The key element that changed this relationship between stage and stalls is, in my opinion, the development in theatre technology. As the century progressed, theatres grew larger. Newer theatres were double, even triple their earlier counterparts. As they grew larger, the feeling of the theatre as one whole organism became harder to sustain. I noticed how, when the Globe was newer, the audiences were far louder. Nowadays, the Globe is an institution in itself and audiences watch the plays quietly. Another change in theatres is the development of theatrical lighting. As the stage became lighter and the house darker, then the cues to be quieter and watch more intently become clearer.

The other problem the theatre had to overcome was the reputation of actors. People like David Garrick and Sarah Siddons had to be careful to make sure their home lives were as straight as possible. Garrick also had shares in newspapers so he could spin public opinion in the theatre’s favour. He also developed a narrow repertory, with a heavy emphasis on safe comedy and prestigious Shakespeare.
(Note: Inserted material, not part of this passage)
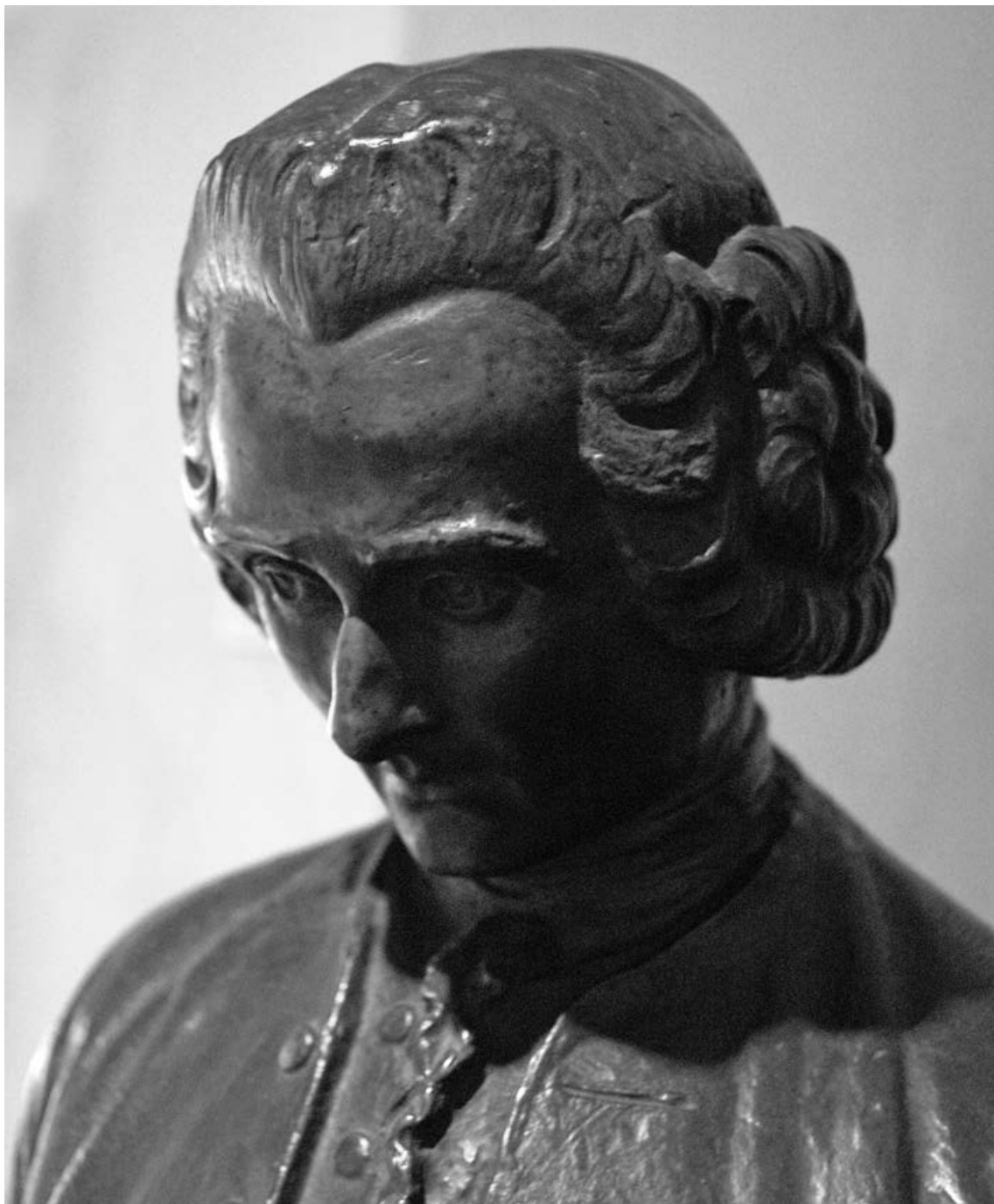
Vízválasztó – Jean-Jacques Rousseau (1712–1778) mellszobra egykori, Les Charmettes-i (Svájc) lakhelyén

dozók (John Stuart Mill, Tocqueville, John Rawls) legszívesebben megkerülték volna életművét, hogy a két eszme közötti, általa vont határ elmosódjék.

As the book-trade pushed Shakespeare as the national poet, so Garrick hooked his own fame to Shakespeare’s translating the role of theatre from common delusion to safeguard of the nation’s culture.

The second half of the book moves out of London to see how these changes in the Capital grew beyond it.

Thomas Bewick, the Newcastle wood-engraver shows his success coming from the eighteenth century fondness for self-improving clubs. Bewick was a member of many such clubs . A proud Northerner, he created his works himself, using provincial book-selling networks to distribute them. Although loved for his ‘simple’ qualities, he actually has very clear didactic goals with engravings and stories inspired by the ideals of those groups..

The example of John Marsh shows how music was sustained in smaller towns. Music is more expensive then other art forms, needing expensive instruments and tuition. Without a monied figure organising and gathering musicians, no music could happen. Particularly it took someone of private means to connect musicians to audience and a strict code to maintain the social balances.  I particularly found it interesting that players of brass instruments were the hardest to obtain, as the mouth-shapes made by brass players was seen as ludicrous, meaning only members of the military commonly played them. Without someone to organise music, it didn’t happen until the later foundation of professional town orchestras.

The last example given was of Anna Seward. From her safe seat in Lichfield, she propagated the voice of the gentle amateur, defending an open, free and emotional reaction to poetry. In her frequent spats with, and about, Johnson because he stood so solid and as such a figure of professional, aggressive. masculine taste. She was able to hold such a position of influence because of the London magazines and the development of the postal service, letting voices be heard that they hadn’t been before.


I found this book to be extremely clear and persuasive. I also found that the struggles in the book represent those we meet with today, where the internet allows voices to be heard from more corners of the globe. Be it gamer-gate, or the use of Facebook to influence elections are the new struggles to define culture. In the eighteenth century, the power shifted from an elite circle of rich gentlemen to an elite circle of practitioners. What will be the result of our own culture wars?